##### MATERIAL FOR THIS EXERCISE #####
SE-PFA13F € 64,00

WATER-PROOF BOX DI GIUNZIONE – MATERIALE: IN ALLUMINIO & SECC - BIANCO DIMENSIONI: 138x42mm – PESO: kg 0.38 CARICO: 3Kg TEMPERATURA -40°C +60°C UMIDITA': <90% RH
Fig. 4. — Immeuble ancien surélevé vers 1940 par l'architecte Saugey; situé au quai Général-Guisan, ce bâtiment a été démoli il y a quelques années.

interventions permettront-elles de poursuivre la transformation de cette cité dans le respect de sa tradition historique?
#####
##### MATERIAL FOR THIS EXERCISE #####
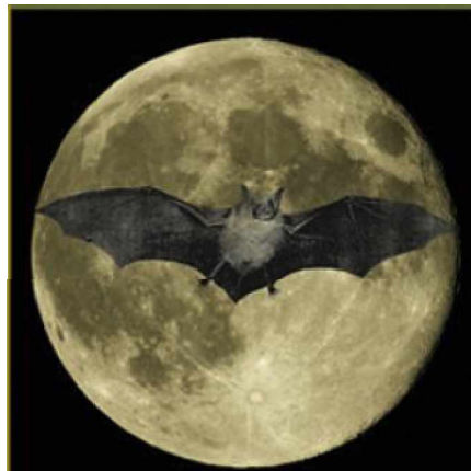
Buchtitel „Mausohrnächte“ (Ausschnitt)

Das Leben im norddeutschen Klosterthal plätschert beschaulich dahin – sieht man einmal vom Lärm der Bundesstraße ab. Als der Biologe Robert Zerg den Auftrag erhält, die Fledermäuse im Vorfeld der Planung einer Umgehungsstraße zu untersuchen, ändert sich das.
#####
##### MATERIAL FOR THIS EXERCISE #####
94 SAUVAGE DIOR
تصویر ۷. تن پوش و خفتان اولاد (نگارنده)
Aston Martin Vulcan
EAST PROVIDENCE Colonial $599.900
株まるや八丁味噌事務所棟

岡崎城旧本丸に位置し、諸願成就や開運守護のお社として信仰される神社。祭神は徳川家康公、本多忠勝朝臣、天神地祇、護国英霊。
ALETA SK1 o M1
#####
Beginning with the line that has "Fig. 4. — Immeuble" and ending with the line that has "interventions permettront-elles de", set down the lines above exactly and include no others.

◆ SOLUTION BELOW
Fig. 4. — Immeuble ancien surélevé vers 1940 par l'architecte Saugey; situé au quai Général-Guisan, ce bâtiment a été démoli il y a quelques années.

interventions permettront-elles de poursuivre la transformation de cette cité dans le respect de sa tradition historique?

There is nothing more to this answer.